# Nomad Activation Problem



## ilovehd (Jan 5, 2007)

Hello all! Long time lurker and I have finally run across a problem I need to run past you. I recently purchased a Nomad off eBay, this item was listed as new never activated. I hooked it all up yesterday and when it went to activate it returns with "We could not activate your Directv Nomad" call 18005325000 and report error code (Nomad/103). I did this and the csr ran me through the usual troubleshooting (reboots, lights, receiver settings) she then said a tech would have to come look at it. I told her I did not think that was necessary since all other funtions of my network and receivers are working they way they should and I would like to escallate it to their engineering department which has now been done and I am waiting to hear back.

My questions are: Has anyone come across this error before and what the fix was?

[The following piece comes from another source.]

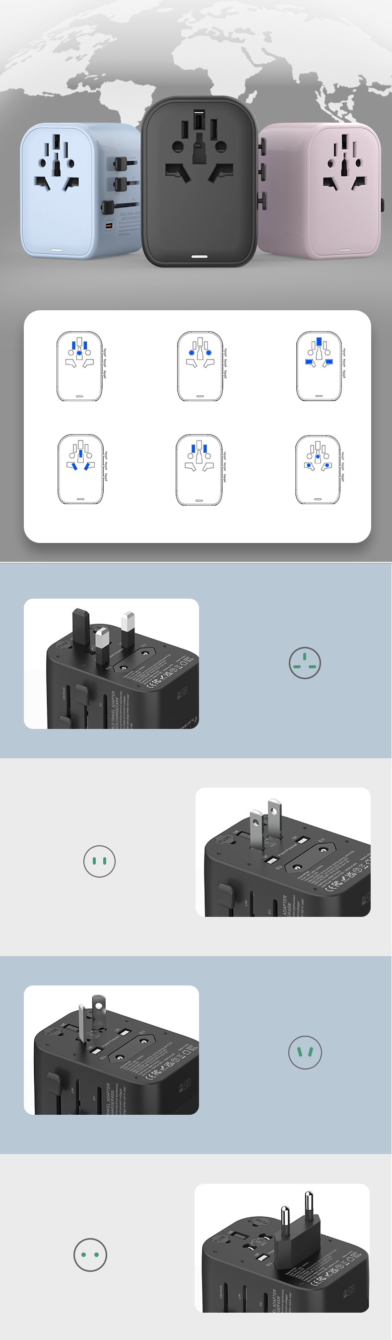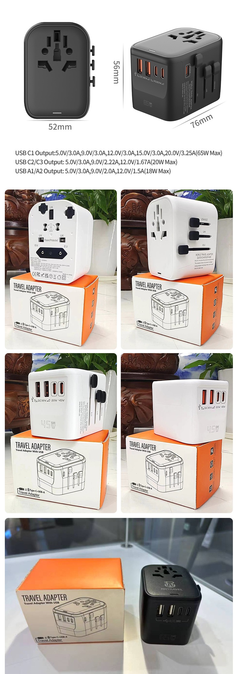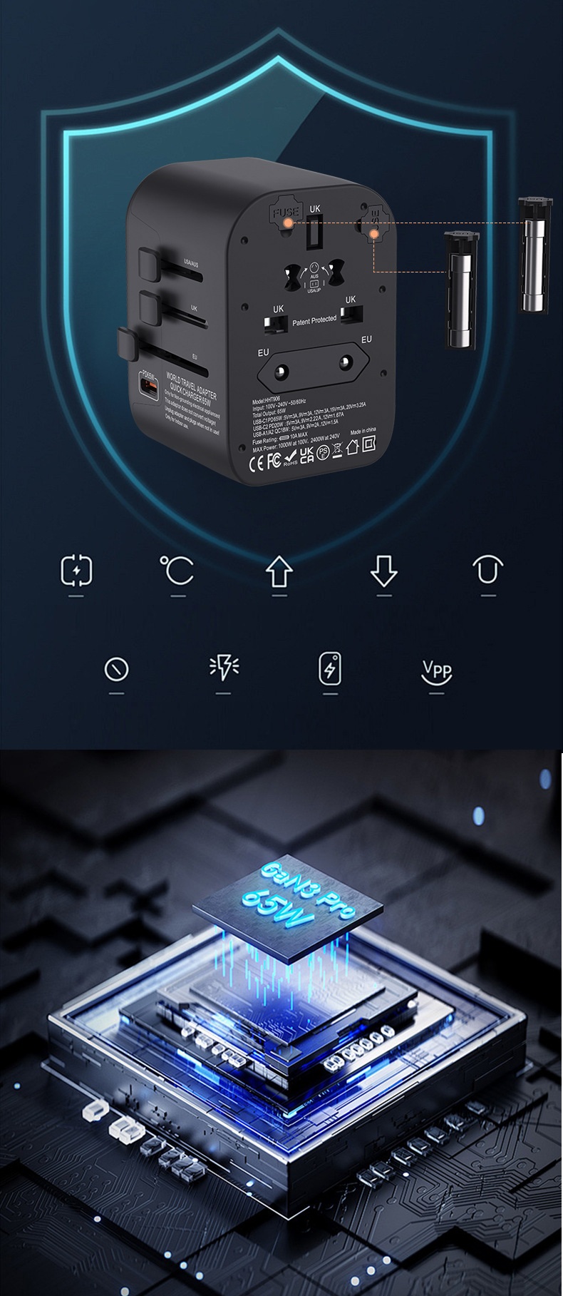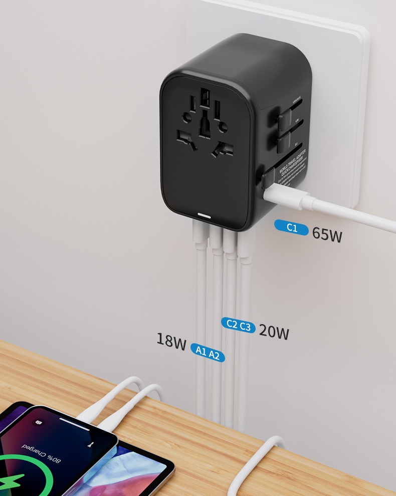 "نقدّم لك فيش سفر بقوة 65 واط متعدد المداخل مزوّد بـ 3 منافذ Type-C ومنفذين USB لشحن خمسة أجهزة في وقت واحد بكفاءة عالية. يتميز بخامة PC مقاومة للحريق لضمان أعلى مستويات الأمان، مع وزن عملي 170 غرام وتصميم مدمج مثالي للسفر والاستخدام اليومي. المنتج متاح بالجملة مع الاستيراد من الصين مع إمكانية طباعة الشعار أو العلامة التجارية عبر خدماتنا OEM وODM."

Do i need to open any special ports on my router? It looks like the Nomad uses ports 8082 and 8083 which are already open by the Nomad setting itself up using Upnp.

Thanks!


----------



## DSOUND (Nov 18, 2006)

I had the same problem. Left the unit on overnight and everything worked fine the next day.


----------



## ilovehd (Jan 5, 2007)

Just a quick update - DirecTV's engineering department got this working in a little over 1 day. The problem is even if you buy this item "new" on a place like eBay, when it was originally purchased it was tied to the original owners DirecTV account. They have to re-associate it with your account allowing it to be activated.


----------